I'm trying to use Python to download XML files from this site:
But the following examples are both leaving me with just an empty XML file. The first saves me an "InsecureRequestWarning" message but the outcome of both is the same.
r = requests.get('https://media.waec.wa.gov.au/2022 North West Central By-Election - LA VERBOSE RESULTS.xml', verify='~ file path for locally saved site certificate PEM file ~')
r.raw.decode_content = True
with open('~ file path for saved file ~', 'wb') as f:
shutil.copyfileobj(r.raw, f)
r = requests.get('https://media.waec.wa.gov.au/2022 North West Central By-Election - LA VERBOSE RESULTS.xml', verify=False)
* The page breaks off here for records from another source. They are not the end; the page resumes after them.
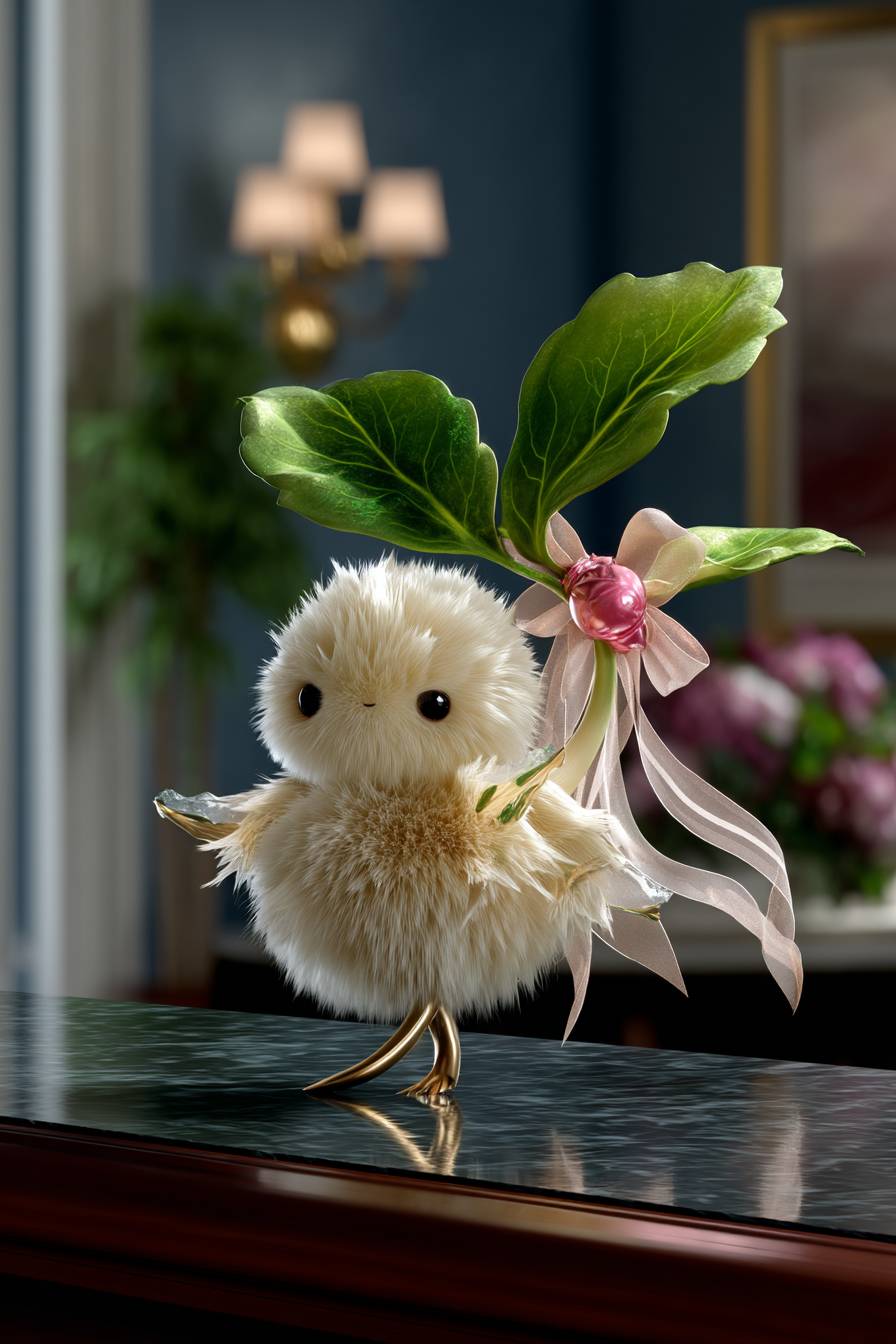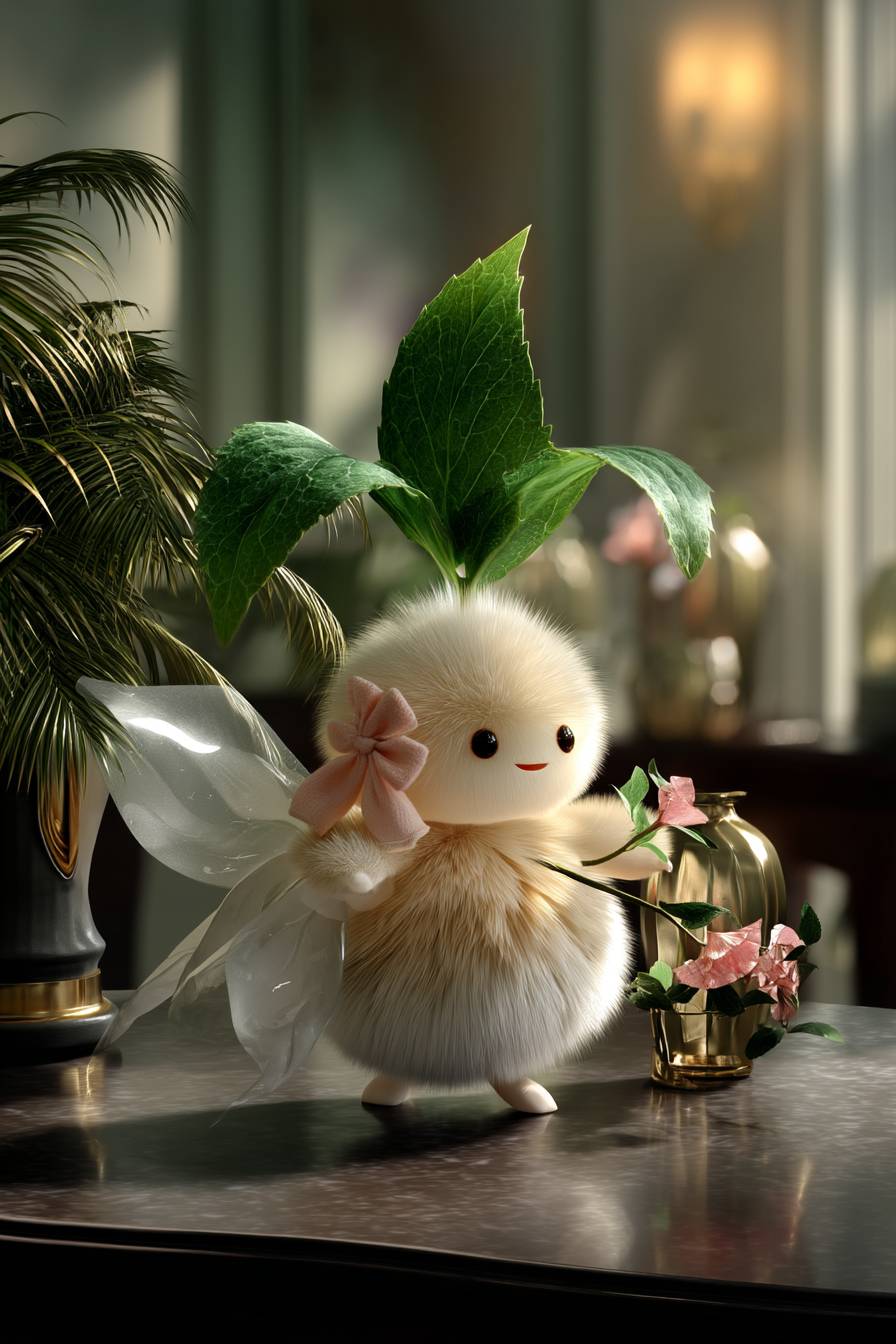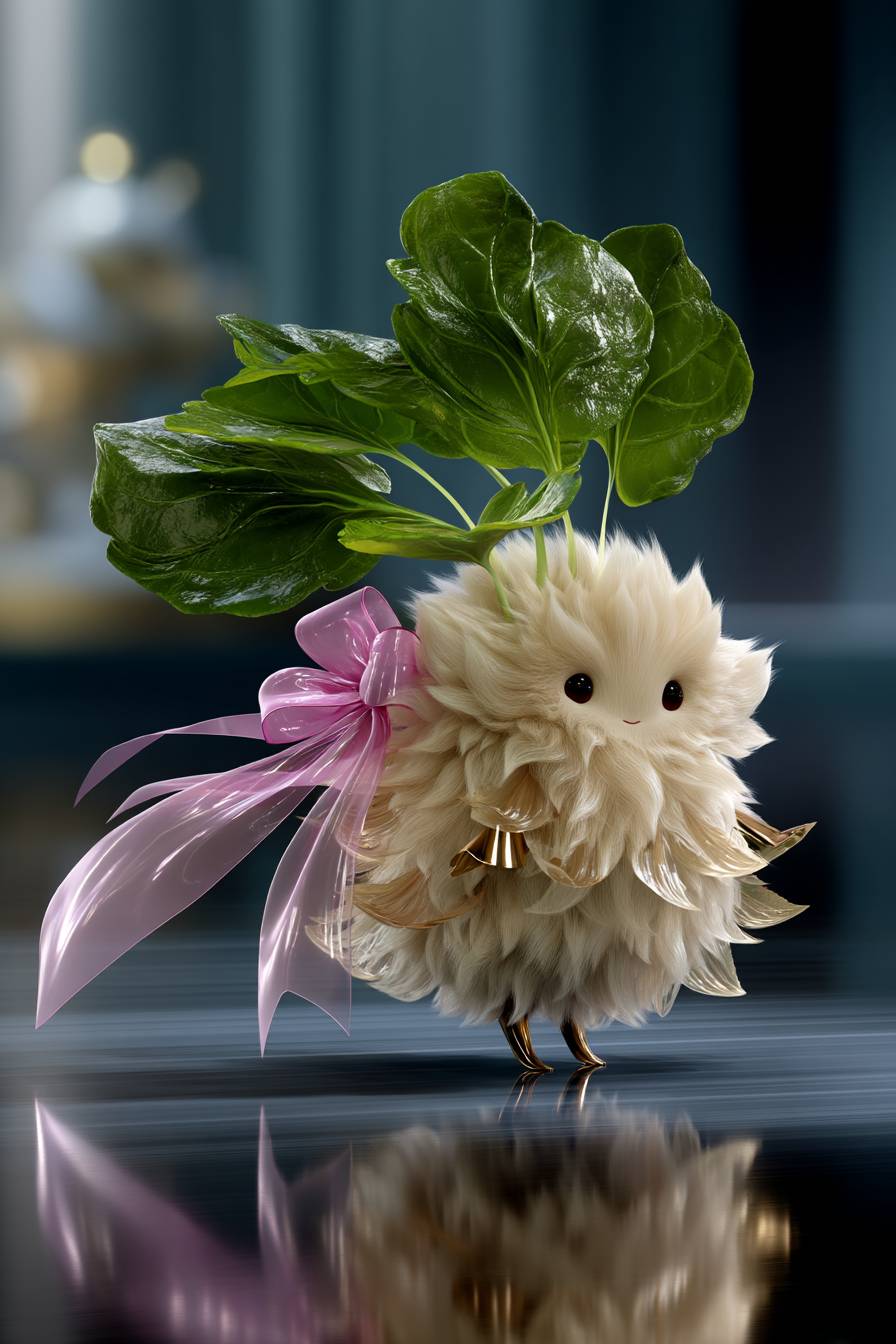 a super cute bean sprout character, with a soft beige fluffy body, round chubby cheeks, and tiny limbs. On its head grows a small green leaf with a pink tiny bow tied on it. --v 7.0 --ar 2:3 --s 750 --p semv7u6
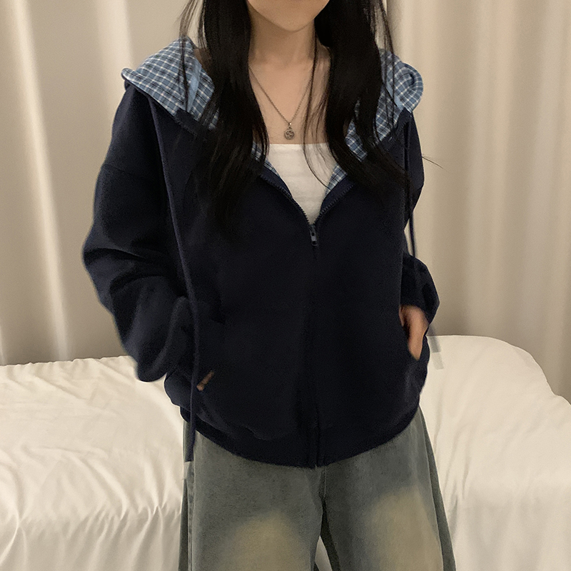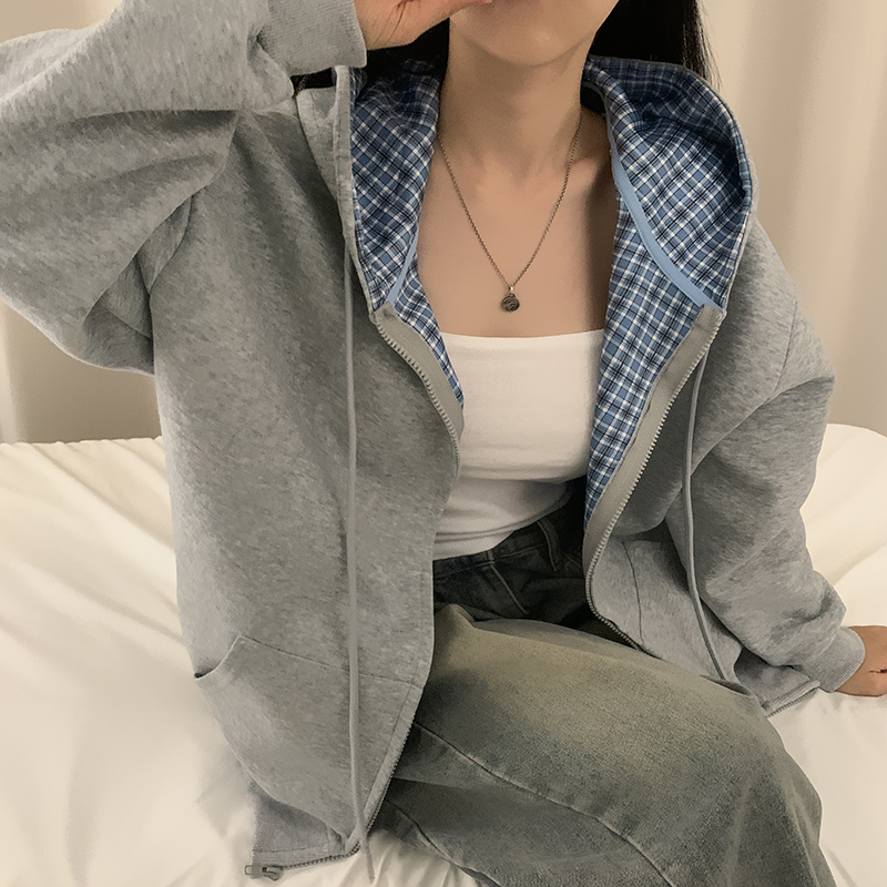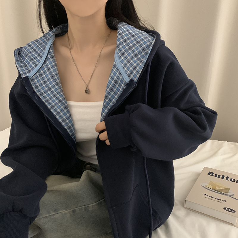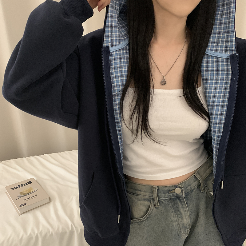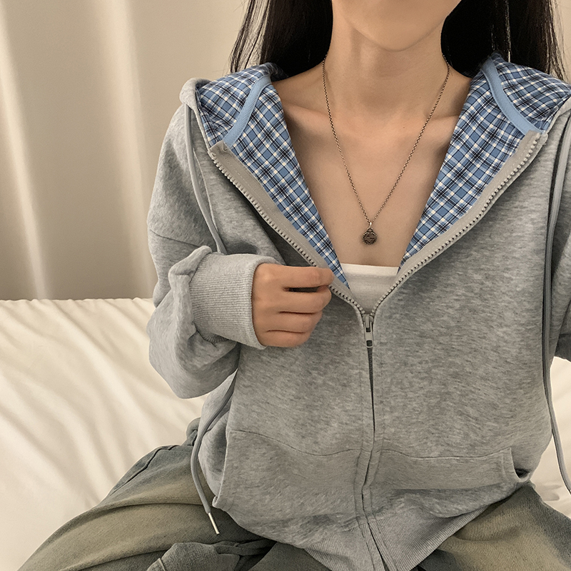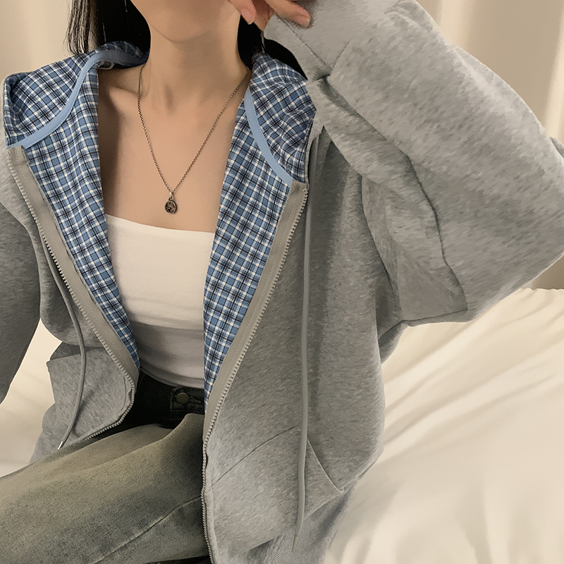 (5color)チェックバイカラージップアップ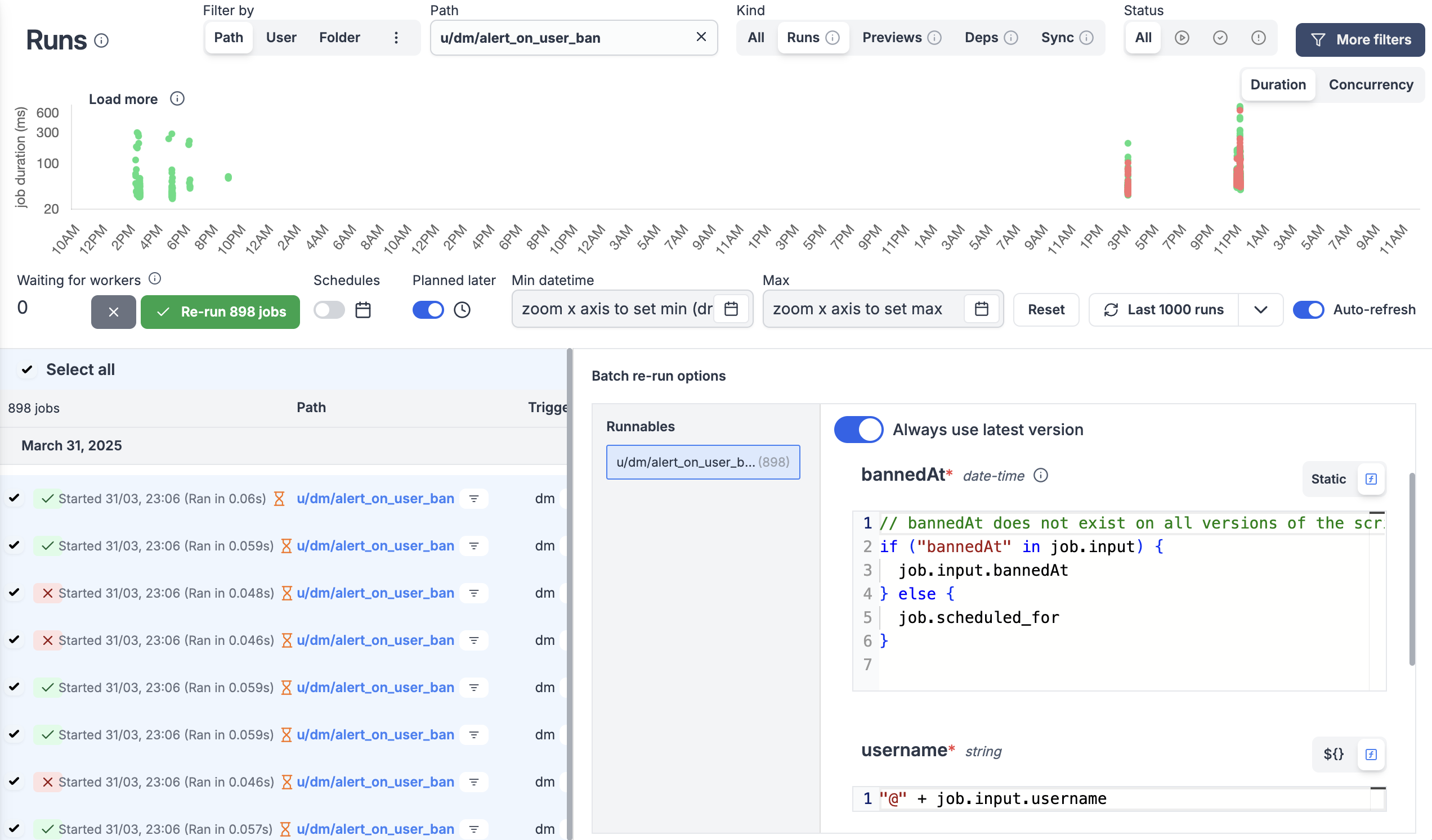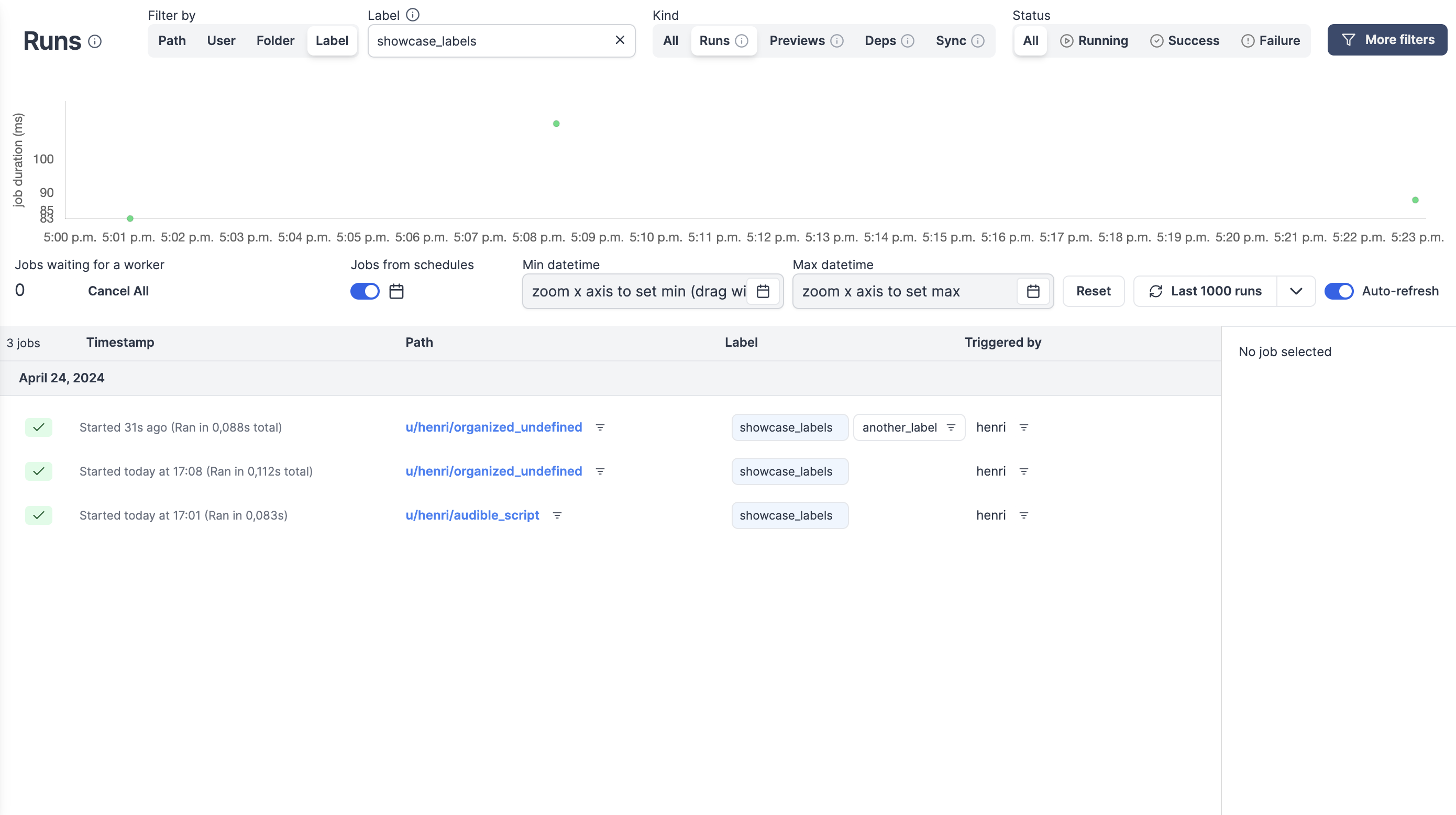 • Skipped runs are marked as success with skipped flag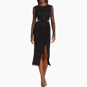 This shimmering fishnet Diamante midi-dress gathers at the hip in a ruched design. Cut with a side slit, this style features sheer long sleeves and mesh cut-outs at the waist.
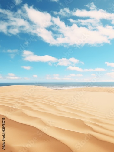 A beach scene with a clear blue sky and a few clouds. The sky is very bright and the clouds are scattered throughout. The beach is empty and the sand is dry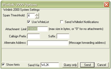 Fill in the Attachment limit in bytes, no commas. (Select size based upon your mode of connection keeping in mind the transfer rate and connect time required.) Clicking Query only will simply ask the system to report back your current settings. (Checking the Show hints box will enable help information as you move the mouse over each window. See Options Message in the AirMail help file for more information.) Check that the Send Via box shows WL2K.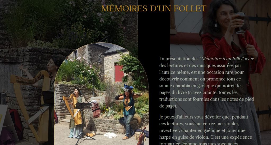 Du moment que chacun de mes livres cite abondamment de la musique, force il a été d’en tirer des spectacles: lectures, mimiques, quelques esquisses de costumes et musiques assorties: de sean nos en gaélique et danses irlandaises, ballades anglaises pour les Mémoires d’un follet, gwerzoù bretons, Barzaz breiz, musiques des Balkans, de la Venise baroque et de Scandinavie pour La harpe d’os.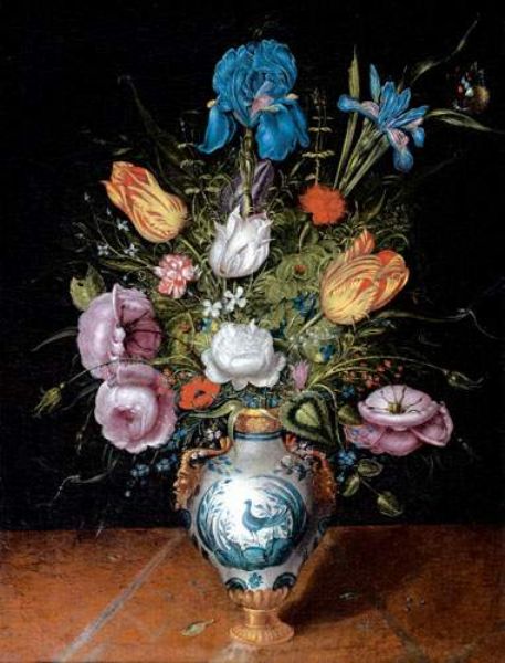 Nature morte au bouquet de fleurs dans un vase à monture de bronze

r.raw.decode_content = True
with open('~ file path for saved file ~', 'wb') as f:
shutil.copyfileobj(r.raw, f)
CodePudding user response:
You receive an empty file, because you didn't receive a response. When I tried your snippet I received http 403 status code. This happened because this site didn’t accept a request without headers
Below you can find code, which makes me able to save the result to the xml file.
import requests
headers = {'User-Agent': 'Python User Agent'}
url = 'http://media.waec.wa.gov.au/2022 North West Central By-Election - LA VERBOSE RESULTS.xml'
res = requests.get(url, headers=headers)
with open('my_file.xml', 'w') as file:
file.write(res.text)